I’ve been wondering about this for a while, but as I’ve stated before, my knowledge of physics is woeful.
We have giant dishes for detecting radiation from other planets right?
And presumably if other species exist then they can detect us by the same methods (within a certain distance).
Why don’t the waves thin out and dissipate? As the distance grows, surely they are spreading out more and more and becoming weaker and weaker?
Otherwise, how they would miss the dishes (the area they cover would be too small and the chances of hitting a dish would be infintesimal).
The intensity of the radiation decreases by the square of the distance - so if you measure an signal strength of 10 at distance A, at distance 10A the signal strength will be 1/100 as strong, or .1
That is the reason that we use huge dishes - to capture as much signal as possible.
That said, the man-made signals that are escaping from the Earth are quite powerful, when compared to natural sources in the same frequency bands. I remember hearing that the Earth looks like a fairly bright star when viewed with a radio telescope.
Our instruments can detect the radio output of very distant stars - if another planet is emitting signals of the same magnitude as we do, we’d be able to “hear” it many light years away.
After all, light follows the same inverse-square brightness law, and we can see stars 13 Billion LY away!
Yes, but the difference is that a star puts out many, many orders of magnitude more radio-frequency radiation than any terrestrial source could possibly deliver. This isn’t just a matter of power throughput from the transmitter, either; trying to deliver very large amounts of power through the atmosphere would result in it being absorbed and/or diffused by the air.

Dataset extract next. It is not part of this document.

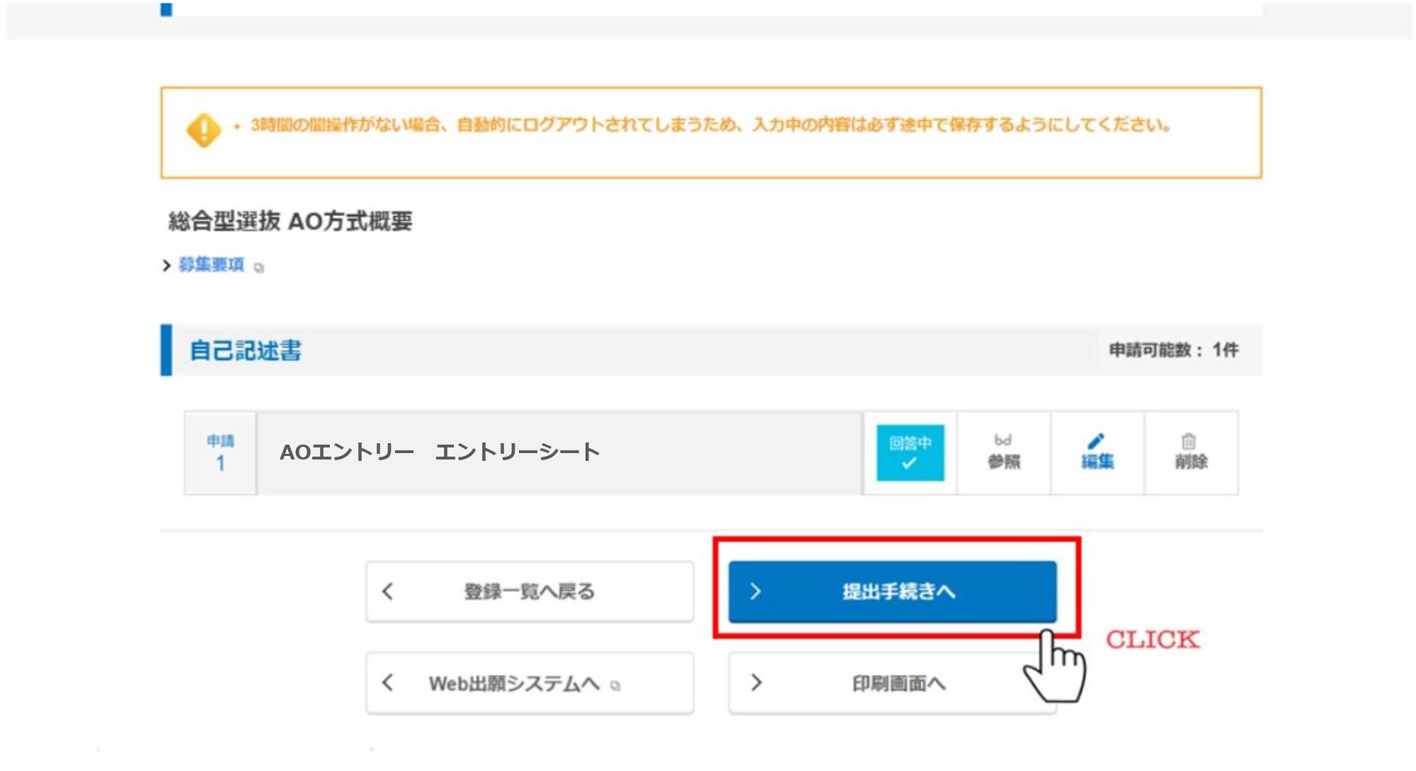 回答終了後、申請項目一覧の画面下の「提出手続きへ」ボタンをクリックしてください。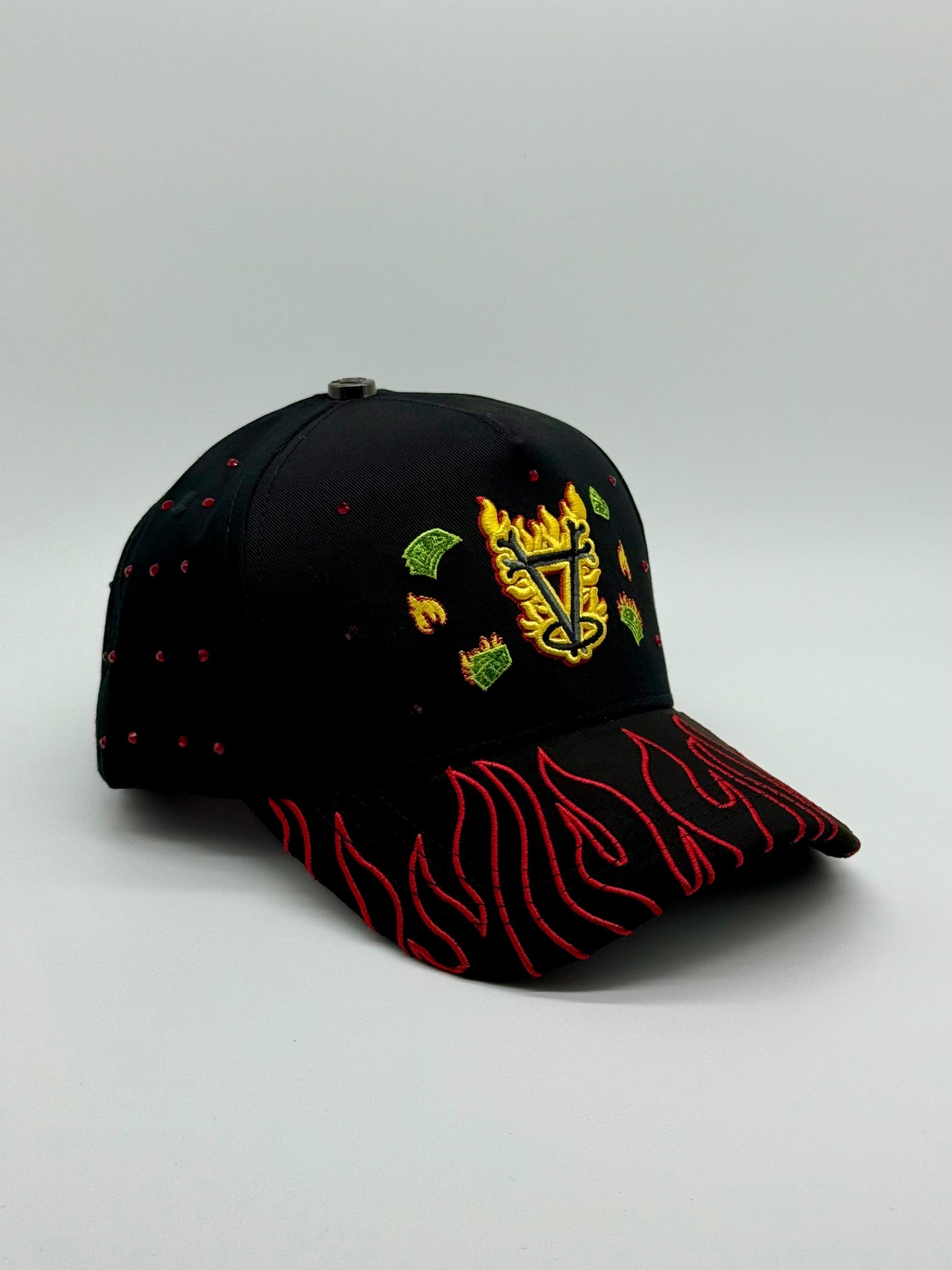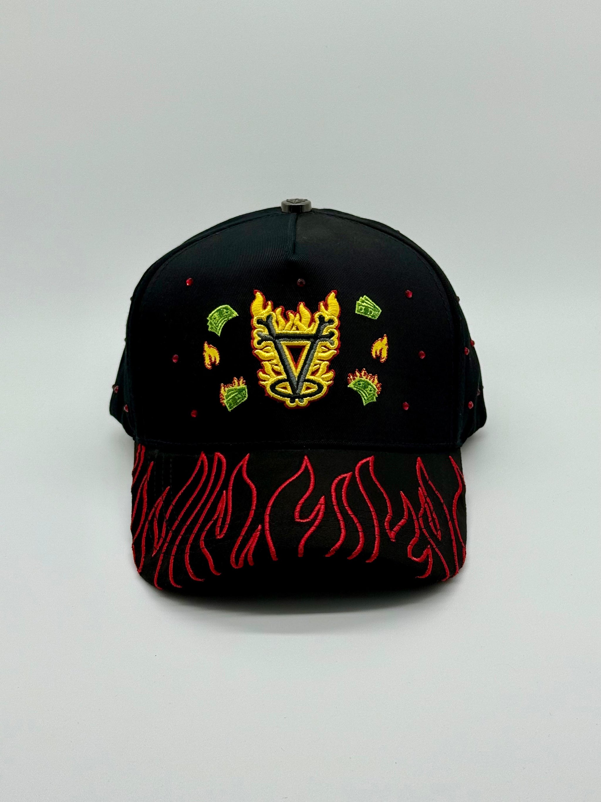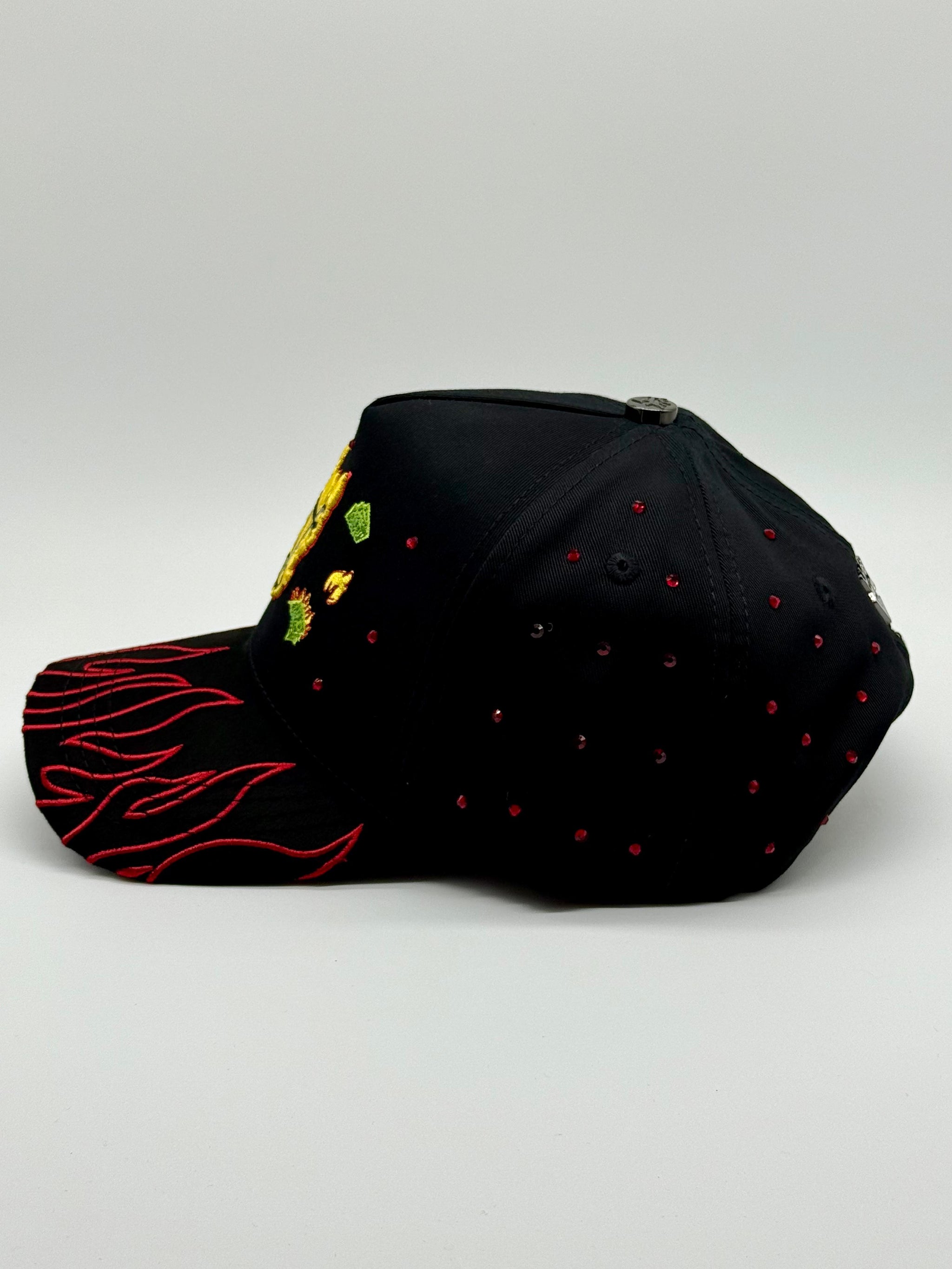 Descubre la gorra "Angels En Flamas", una pieza impactante que destaca por su diseño de llamas en tonos intensos, acentuadas con detalles en rojo que realzan su estilo único. Perfecta para quienes buscan un accesorio audaz y con personalidad, esta gorra combina originalidad y calidad, ideal para complementar cualquier look con un toque distintivo y enérgico.

We can see radiation sources (mostly x-ray and gamma ray) at very distant sources (billions of light years) because the sources themselves are massive and powerful. Even at that, it takes some pretty phenomenal processing capability to discern individual sources. Detecting a terrestrial radio source from a planet in a nearby system would require the ability to suss out a coherent signal from the noise. A radio signal at more than a few tens of light years would be indistinguishable from the background radio-frequency noise.
Well this indicates that the farthest SETI target is around 10,000 LY away, but this assumes that the target would need to be broadcasting using an antenna aimed at us in order to be detectable.